Karena punya sakit maag, saya suka ngemil. Apalagi saat hamil dan menyusui, di mana rasa lapar bisa menyerang setiap saat. Saya selalu sedia biskuit, keripik, wafer… semuanya ada. Kalau jalan-jalan pun saya sering berhenti untuk beli es krim atau roti untuk mengisi perut. Ternyata kebiasaan makan dimana-mana ini diperhatikan oleh putra saya, Andrew (4thn).
“Mama kok makan terus sih?”
"Soalnya kalau tidak makan nanti perut Mama sakit.”
Andrew termasuk anak yang agak sulit makan. Kalau sedang banyak ya banyak, kalau sedikit, sehari bisa hanya makan sekali. Sudah begitu, tidak semuanya dia mau makan. Kalau sudah begitu saya jadi pusing. Untung saja anak saya tidak kurus atau sakit-sakitan. Kemudian saya temukan jawabannya kenapa.
Akhir-akhir ini, saya sering kehilangan wafer kesukaan saya. Saya pikir, ah saya yang lupa sudah saya makan atau saya bawa untuk ngemil di kantor. Puncaknya waktu Sabtu dua minggu lalu (awal Desember) waktu Papa saya kehilangan keripik singkong temannya nonton TV. Wah, sampai satu rumah heboh mencari. Masalahnya keripik itu baru dibeli dan dibuka. Masa iya, keripik singkok satu kantong besar bisa lenyap begitu saja? Lalu dengan wajah tanpa dosa, Andrew lewat membawa kantong keripik singkong tersebut.
“Itu keripik Opa ya?” Tanya Papa.
“Iya, Opa.”
“Kok tinggal sedikit?”
“Dimakan hantu, Opa.” Jawabnya sambil nyengir.
Papa saya yang sudah siap marah jadi tidak tega. Ternyata kudapan kami di rumah sering dicuri hantu kecil yang juga seorang tukang ngemil. Sekarang ngemil jadi kegiatan favoritnya. Waktu mewarnai dia ngemil, waktu nonton TV dia ngemil. Sampai bikin PR pun sambil ngemil. Yang dimakan ya apa lagi kalau bukan keripik singkong si opa dan wafer coklat saya. Ya ampunnnn…



29 December 2010

Pelajaran Berharga Tentang Bumi Kita

Semua ini bermula dari semua pertanyaan:

"Ma, global warming itu apa sih?"
Tanya anak saya, Andrew, yang masih berusia 4 tahun setelah nonton film Ice Age. Entah dari mana dia dengar konsep itu, yang jelas, saya bingung menjelaskannya. Akhirnya jawaban saya simpel, "global warming itu kalau buminya rusak karena kepanasan."
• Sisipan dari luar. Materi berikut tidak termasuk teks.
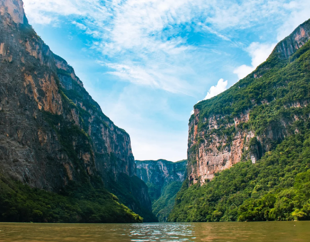 Cañón del Sumidero en lancha, falaises, crocodiles, nature exubérante.
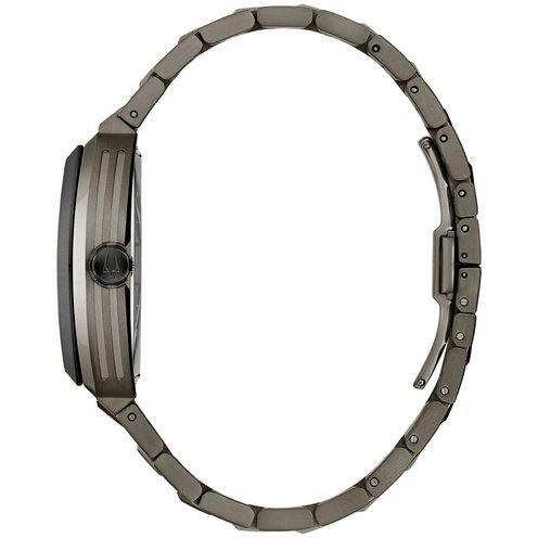 This Bulova men's watch from the Maquina collection offers daringly avant-garde design. The watch features a 40mm stainless steel case with a curved sapphire crystal and a stainless steel bracelet with a push-button deployant closure. The patterned dial with a toned dial ring and bridges has toned hands and markers with luminescent fill, with a central aperture revealing the inner workings of the 21-jewel automatic, also visible through a transparent case back, skeletonized movement which has a 42-hour power reserve. With its mechanical heart and unrivaled modern form, this Bulova men's timepiece offers a uniquely individual expression of style.

Dia sih puas dengan jawaban itu, saya yang jadi tidak puas. Masa sih hanya itu yang bisa saya ajarkan kepada anak saya tentang global warming? Saya terus mencari, apa lagi ya yang bisa saya 'wariskan' pada anak saya ini, yang notabene generasi masa datang? Tinggal di apartment di tengah ibukota membuat semuanya jadi lebih sulit. Sejauh mata memandang yang terlihat hanya macet, gedung-gedung yang tinggi menjulang dan langit yang kerap menghitam karena polusi. Kemarin, kesempatan tersebut datang bersama dengan pulangnya kedua adik saya dari kuliah di luar negeri. Kami sekeluarga pergi mengunjungi pulau Belitung.
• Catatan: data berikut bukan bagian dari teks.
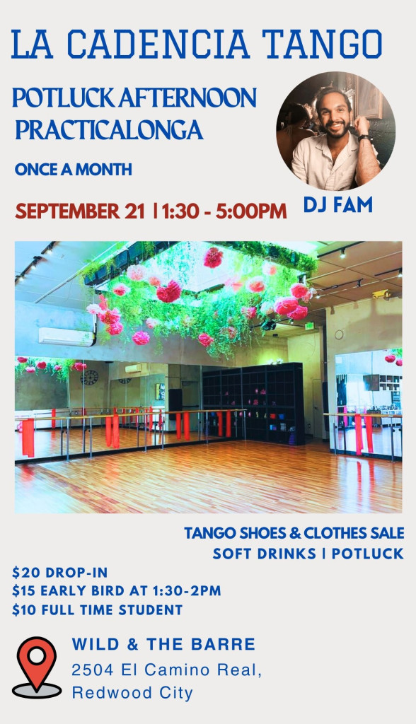 You're Invited to August Potluck Afternoon Practicalonga at La Cadencia Tango! DJ Saddam will be spinning the best tango beats, keeping us on the dance floor all afternoon long. It's ...
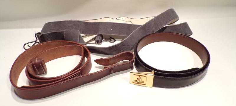 A good lot of mixed militaria including a S6 respirator, water bottles, Royal Artillery belt (fit up to 40”), repro leather rifle sling, German braces and a fit all rifle bipod. Lot 36
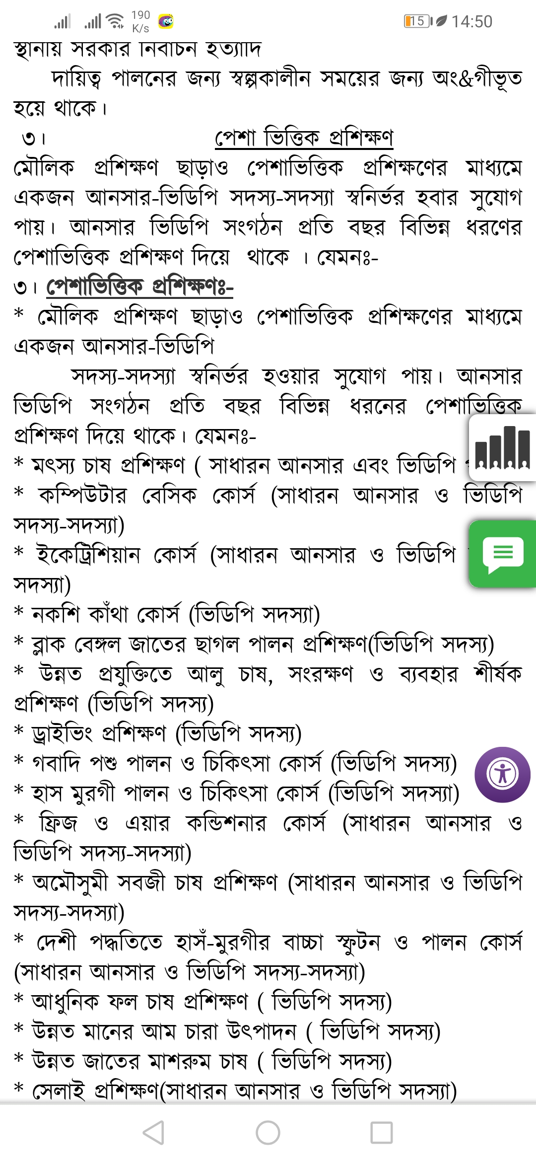 আত্বসামাজিক উন্নয়নে প্লাটুনভূক্ত সদস্য/সদস্যাদের যোগ্যতা অনুসারে বিভিন্ন পেশা ভিত্তিক প্রশিক্ষণ প্রদানের জন্য বিভাগীয় প্রশিক্ষণ কোর্সে প্রশিক্ষণার্থী প্রেরণ করা।

Pelajaran #1: Deforestasi vs Reboisasi

Sebelum mendarat pun, Andrew sudah semangat melihat ke
jendela. "Laut, Ma, laut!" "Pulau, Ma, pulau!" teriaknya memberikan laporan pandangan mata tentang apa yang ada di bawah sana. Mendekati Belitung, Andrew semakin semangat. "Ma, ada hutan! Gede banget! Pasti banyak monyetnya ya!"
Maklum saja, itu pertama kalinya anak saya melihat hutan. Lalu, dahinya berkerut, berpikir, "Ma, kenapa di Jakarta ngga ada hutan ya? Pantesan di Jakarta ngga ada monyet." Yah, memang. Banyaknya hutan yang ditebang dan dialihfungsikan untuk tempat tinggal tanpa sadar bisa membahayakan manusia itu sendiri.
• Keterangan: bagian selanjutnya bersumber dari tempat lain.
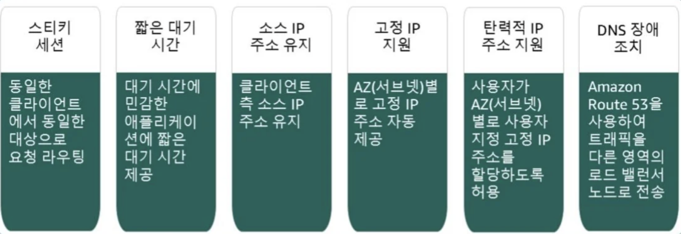 Application Load Balancer (L7) 부하 분산으로 지원하는 기능 (좌), Network Load Balancer 부하분산 지원 기능 (우)로드 밸런서의 종류별 차이에 대한 도식화
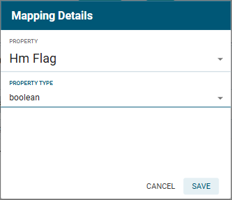 Then double-click on the Target field name. The Mapping Details screen opens. Change Property Type from string to boolean. Click Save.

Saya jadi ingat satu buku yang sering saya bacakan sebelum Andrew tidur berjudul "Knuffel Bear" yang mengisahkan tentang beruang yang suka memeluk binatang hutan dan pepohonan. Saat seorang penebang liar hendak merusak hutan, beruang tersebut mengaum dan mengakut-nakuti si penebang tanpa hasil. Akhirnya dia memeluk si penebang dan berhasil membuatnya lari ketakutan. Intinya, si beruang menyelamatkan hutan dengan pelukannya. (Hm... ternyata tanpa sadar saya sudah sering bercerita tentang hutan kepada Andrew.) Dari situ saya bercerita pada Andrew kenapa hutan tidak boleh ditebang sembarangan walaupun kita (manusia) membutuhkan kayunya. Sekarang dia tahu kalau penebangan hutan sembarangan tanpa adanya penghijauan kembali bisa menimbulkan tanah longsor dan, tentu saja, global warming.

Pelajaran #2: Ikan dan Sampah

Hari ke-2 di Belitung, kami pergi snorkling. Andrew yang suka petualangan ikut serta. Karena belum berani menyelam dia melihat ikan-ikan dari kotak kaca yang dibawa adik saya. Kotak tersebut di pegang untuk memecah permukaan air laut sehingga Andrew bisa melihat ikan berenang diantara terumbu karang dan rumput laut. Sayangnya di tengah indahnya pemandangan, ada sebuah botol plastik yang terbawa ombak lewat di tengah-tengah kami. "Ma, ada sampah. Tempat sampahnya di mana ya?" Tanya Andrew spontan. Lah, di tengah laut mana ada tempat sampah?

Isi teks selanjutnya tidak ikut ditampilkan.